Cepea aponta que a carne suína ganhou atratividade em relação à bovina ao longo de 2025.
A carne suína tem ganhado atratividade em 2025, mudando o equilíbrio com a carne bovina. Isso não significa que a bovina perdeu importância, mas sinaliza novas oportunidades de margem. O Cepea aponta que compradores e exportadores têm respondido com mais demanda pela suína. Para o produtor, isso pode significar maior poder de negociação e rotação rápida de estoque. Mas é preciso cuidado: a volatilidade de preço e os custos de ração influenciam o resultado.
Thank you for reading this post, don't forget to subscribe!Entendendo o movimento
O principal motor é a combinação de demanda por proteína e pressão de custos na carne bovina. Quando a demanda por suínos aumenta, as cotações sobem mais rápido e as margens podem melhorar para quem ajusta o manejo.
Como aproveitar
- Avalie o ciclo de cria e a conversão alimentar para reduzir custos.
- Antecipe contratos de venda para evitar quedas de preço.
- Sincronize compra de milho e farelo com a demanda para não atrasar o manejo.
- Considere diversificar mercados, incluindo exportação e varejo.
- Invista em biossegurança e bem-estar para manter a produtividade.
Gestão de riscos
Use cobertura de preço simples, se disponível. Guarde parte da produção para picos de preço, evitando quedas bruscas.
A lucratividade depende de alinhar mercado, custos e qualidade do produto, além de manter o foco no planejamento e na qualidade do manejo.
Diferencial de preços entre carcaças suína e bovina ficou em torno de 9 a 10 reais/kg.
A diferença de preço entre carcaças suínas e carne bovina ficou entre 9 e 10 reais por kg em boa parte de 2025, criando oportunidades e riscos para produtores das duas cadeias. Entender esse movimento ajuda a planejar venda, estoque e manejo.
O que está por trás desse diferencial
O preço da carne suína responde rapidamente à demanda, custos de ração e condições de exportação. A carne bovina costuma seguir o custo de milho e farelo, principalmente quando a ração sobe. Quando a demanda por suínos aumenta, o prêmio da suína sobe e as margens melhoram para quem ajusta o manejo.
Como isso impacta a sua operação
Se você trabalha com suínos, o diferencial favorece a venda de carne pronta. Se você tem gado para abate, o cenário pode exigir ajustes de estoque e de venda para manter margens.
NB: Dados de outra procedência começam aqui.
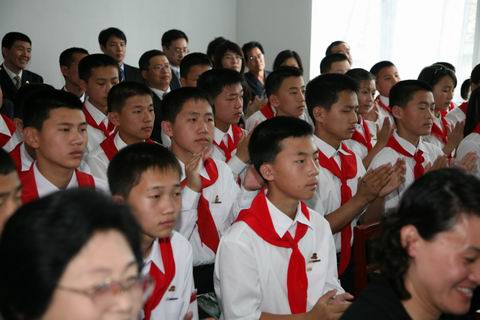 參觀結(jié)束后,劉大使一行與“毛澤東班”全體師生在學(xué)校禮堂舉行了紀(jì)念聯(lián)歡活動(dòng)。東平壤一中校長康相福在講話中首先歡迎劉大使及北京五中代表團(tuán)在“毛澤東班”命名50周年之際來到學(xué)校。他說,金日成主席和毛澤東主席為我們締造了朝中友好關(guān)系,兩國人民對(duì)他們懷有無限的敬仰之情。50年前的今天,在朝中兩國人民之間的戰(zhàn)斗友誼不斷加深之際,“毛澤東班”得以命名。自那時(shí)起,東平壤一中“毛澤東班”和北京五中“金日成班”開展了活躍的友好交流,為加深兩國青少年及兩國人民間的友好感情作出了貢獻(xiàn)。每逢重要節(jié)日,“毛澤東班”和“金日成班”的師生們總會(huì)互致問候。去年,東平壤一中代表團(tuán)訪華,參加了北京五中建校80周年慶;顒(dòng)。明年將是“金日成班”命名60周年。相信兩校兩班將為朝中友誼的不斷發(fā)展做出積極貢獻(xiàn)。

Em ambos os casos, controle de custos e planejamento de venda são cruciais.
- Monitore as cotações diárias do Cepea para as duas carnes e compare com seus custos.
- Faça contratos de venda quando houver sinal de alta no diferencial, ou hedge simples para reduzir riscos.
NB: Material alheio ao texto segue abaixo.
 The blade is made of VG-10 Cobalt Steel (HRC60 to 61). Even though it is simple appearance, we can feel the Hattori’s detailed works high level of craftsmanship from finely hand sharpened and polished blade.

- Sincronize a compra de milho e farelo com o momento de abate para manter margens estáveis.
- Considere diversificar mercados, incluindo interno e exportação, para suavizar ciclos de preço.
- Revise o manejo de peso, reposição de animais e custos fixos para não deixar margens escaparem.
Gestão de risco e oportunidades
A proteção de preço ajuda a reduzir perdas quando o diferencial recua. Guardar parte da produção para períodos de preço baixo também pode manter a lucratividade. Lembre-se: a decisão depende de disponibilidade de ração, mão de obra e objetivos da propriedade.
Momento de maior competitividade ocorreu em janeiro, com diferencial de 11,69 reais/kg.
O diferencial de preço de 11,69 reais por kg entre carcaças suínas e bovinas consolidou em janeiro o momento de maior competitividade da carne suína. A gente precisa entender o que aconteceu pra saber como reagir nos meses seguintes.
Por que janeiro ficou tão favorável à suína
Em janeiro, a demanda por carne suína ganhou impulso no mercado interno e impulsionou as cotações. O peso dessa demanda se refletiu na prática: o preço da carne suína subiu mais rápido que o da bovina, enriquecendo as margens de quem optou pela suína.
Além disso, o custo de rações pesou sobre a bovina. Milho e farelo seguiram trilhas de altas, reduzindo as margens da carne bovina e ajudando a ampliar a diferença de preço entre as duas carnes.
A exportação de carne suína também manteve ritmo firme, fortalecendo o preço externo e contribuindo para o diferencial observado.
O que isso significa para a sua operação
- Se você trabalha com suínos, o diferencial aponta para o melhor momento de venda. Planeje o fechamento de lotes para capturar esse prêmio.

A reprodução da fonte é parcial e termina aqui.